It’s Legos, Bitch.

by kara on September 9, 2013

Bummed out that the best show since Sopranos is going off the air? It doesn’t get much better than this super-cute Lego meth lab.for the ex-meth addict in you, or for your little ones to play games involving drugs, debauchery, guns, bombs, lying, killing, maiming and everything in between – except sex! Yay, no sex!  The fake-lego set is awesomely called “Bricking Bad”.

Yes, now any child or child-at-heart can recreate Walter White’s notorious crystal meth lab! Complete with protective masks, drug paraphernalia, over 500 bricks and three minifigs!
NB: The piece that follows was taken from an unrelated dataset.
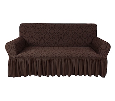 Jacquard Fabric Stretchable 3 Seater Sofa Cover Chocolate Brown

Sadly, the good Danish people at Lego frown upon drugs, sex, violence, and middle-aged men running around trailers in their tighty-whities, and the set is a product of Citizen Brick, and is not sponsored, authorized or endorsed by the LEGO Group, owners of the registered LEGO(R) trademark. Check out this newest example of  unlicensed awesomeness:

 

Hey! This looks just like MY meth lab!

not intended for infants
Look!!! It’s the old Bounder RV that served as Walter and his sidekick Jesse’s first mobile meth lab, as well as the super-high-tech industrial lab that was set up under the laundromat for Walter by drug kingpin Gus Fring. The Gus Fring figure even comes with a blown-up head so you can re-enact the notorious “Face-Off” episode, where Walter blows up Gus and half of a nursing home! (Nursing home not included.)
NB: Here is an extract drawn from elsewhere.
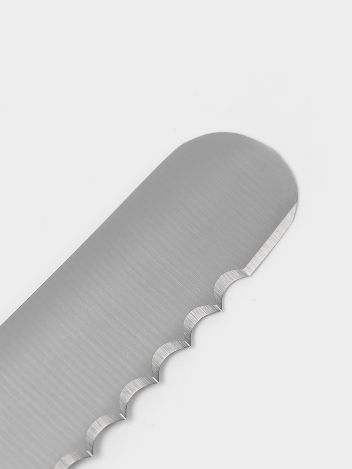 - Волнистая заточка: обеспечивает легкую и аккуратную нарезку.

Some people are outraged by this knockoff toy, your typical knee-jerk reactionary right-wing frothing. Maybe parents should just give their kids guns! Some say it’s good toy for children because all the roles and possibilities have already been set and children’s creativity develops best when they create the characters, setting and story. To make this a good children’s toy, obviously, the child needs to be able to pick the drug and the means of production, as well as invent the stories that brought the figurines to be using/dealing whatever drug the child’s. Also, Breaking Bad is a teevee show about a high school science teacher guy who has what he thinks is “terminal” lung cancer and decides to cook and sell meth to leave something for his family, because teachers are poor and healthcare will bankrupt you and Obamacare hasn’t kicked in yet. Anyway, this is America! We don’t encourage interest in chemistry or other sciences!

 

 

Sadly, you can’t buy it for any price anymore, so you will have to wait for the Barbie Abortion Complex Action Figure Playset!